As a framework, Tika doesn’t do any of the document filtering itself. Rather, it relies on external open source projects and libraries to do the heavy lifting. Table 7.1 lists the formats supported as of the 0.6 release, along with which project or library the document parser is based on. There’s support for many common document formats and new formats are added frequently, so check online for the latest list.
Table 7.1. Supported document formats and the library used to parse them
|
Format |
Library |
|---|---|
| Microsoft’s OLE2 Compound Document Format (Excel, Word, PowerPoint, Visio, Outlook) | Apache POI |
| Microsoft Office 2007 OOXML | Apache POI |
| Adobe Portable Document Format (PDF) | PDFBox |
| Rich Text Format (RTF)—currently body text only (no metadata) | Java Swing API (RTFEditorKit) |
| Plain text character set detection | ICU4J library |
| HTML | CyberNeko library |
| XML | Java’s javax.xml classes |
| ZIP Archives | Java’s built-in zip classes, Apache Commons Compress |
| TAR Archives | Apache Ant, Apache Commons Compress |
| AR Archives | Apache Commons Compress |
| CPIO Archives | Apache Commons Compress |
| GZIP compression | Java’s built-in support (GZIPInputStream), Apache Commons Compress |
| BZIP2 compression | Apache Ant, Apache Commons Compress |
| Image formats (metadata only) | Java’s javax.imageio classes |
| Java class files | ASM library (JCR-1522) |
| Java JAR files | Java’s built-in zip classes and ASM library, Apache Commons Compress |
| MP3 audio (ID3v1 tags) | Implemented directly |
| Other audio formats (wav, aiff, au) | Java’s built-in support (javax.sound.*) |
| OpenDocument | Parses XML directly |
| Adobe Flash | Parses metadata from FLV files directly |
| MIDI files (embedded text, eg song lyrics) | Java’s built-in support (javax.audio.midi.*) |
| WAVE Audio (sampling metadata) | Java’s built-in support (javax.audio.sampled.*) |
In addition to extracting the body text for a document, Tika extracts metadata values for most document types. Tika represents metadata as a single String <-> String map, with constants exposed for the common metadata keys, listed in table 7.2. These constants are defined in the Metadata class in the org.apache.tika.metadata package. But not all parsers can extract metadata, and when they do, they may extract to different metadata keys than you expect. In general the area of metadata extraction is still in flux in Tika, so it’s best to test parsing some samples of your documents to understand what metadata is exposed.

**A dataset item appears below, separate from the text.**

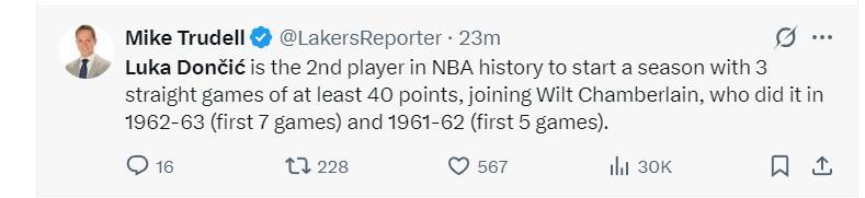 湖人記者:東契奇是聯盟歷史第二位開賽連續三場比賽都拿到40+的球員與張伯倫並列,張伯倫曾在1962-63賽季與1961-62賽季完成過。
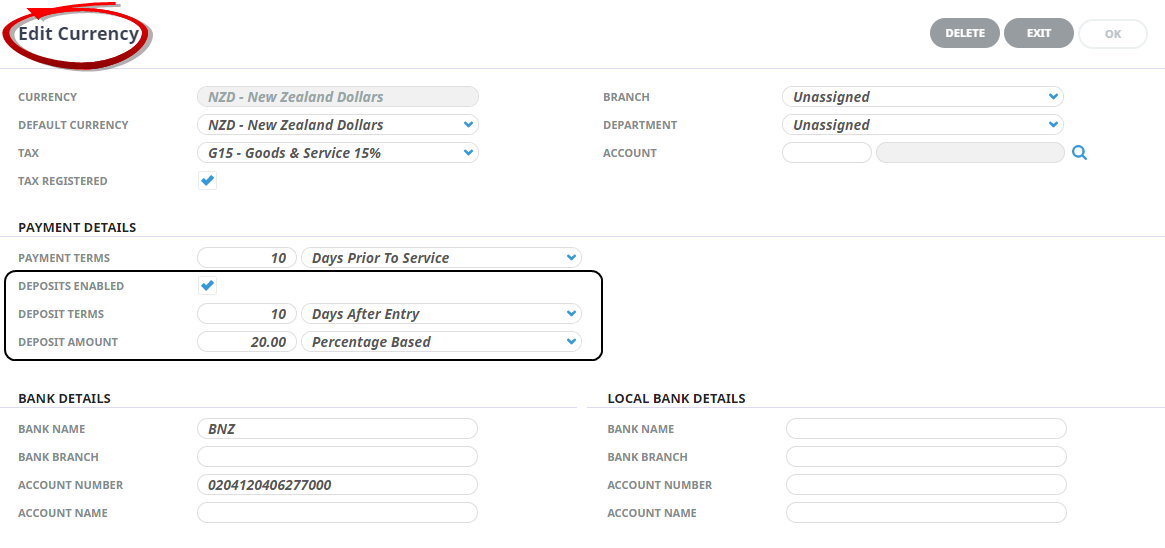 A deposit is a partial payment amount that is made in advance of the service being used and is controlled by the Deposit Terms check-box in the supplier currencies screen, the terms of the deposit, and the type of deposit (percentage or amount).

Table 7.2. Metadata keys that Tika extracts
|
Metadata Constant |
Description |
|---|---|
| RESOURCE_KEY_NAME | The name of the file or resource that contains the document. A client application can set this property to allow the parser to use filename heuristics to determine the format of the document. The parser implementation may set this property if the file format contains the canonical name of the file (for example, the GZIP format has a slot for the filename). |
| CONTENT_TYPE | The declared content type of the document. A client application can set this property based on an HTTP Content-Type header, for example. The declared content type may help the parser to correctly interpret the document. The parser implementation sets this property to the content type according to which document was parsed. |
| CONTENT_ENCODING | The declared content encoding of the document. A client application can set this property based on an HTTP Content-Type header, for example. The declared content type may help the parser to correctly interpret the document. The parser implementation sets this property to the content type according to which document was parsed. |
| TITLE | The title of the document. The parser implementation sets this property if the document format contains an explicit title field. |
| AUTHOR | The name of the author of the document. The parser implementation sets this property if the document format contains an explicit author field. |
| MSOffice.* | Defines additional metadata from Microsoft Office: APPLICATION_NAME, CHARACTER_COUNT, COMMENTS, KEYWORDS, LAST_AUTHOR, LAST_PRINTED, LAST_SAVED, PAGE_COUNT, REVISION_NUMBER, TEMPLATE, WORD_COUNT. |
Let’s drill down to learn how Tika models a document’s logical structure and what concrete API is used to expose this.
7.2. Tika’s logical design and API
Tika uses the Extensible Hypertext Markup Language (XHTML) standard to model all documents, regardless of their original format. XHTML is a markup language that combines the best of XML and HTML: because an XHTML document is valid XML, it can be programmatically processed using standard XML tools. Further, because XHTML is mostly compatible with HTML 4 browsers, it can typically be rendered with a modern web browser. With XHTML, a document is cast to this logical top-level structure:
<html xmlns="http://www.w3.org/1999/xhtml">
<head>
<title>...</title>
</head>
<body>
...
</body>
</html>
Within the <body>...</body> are other tags (such as <p>, <h1>, and <div>) representing internal document structure.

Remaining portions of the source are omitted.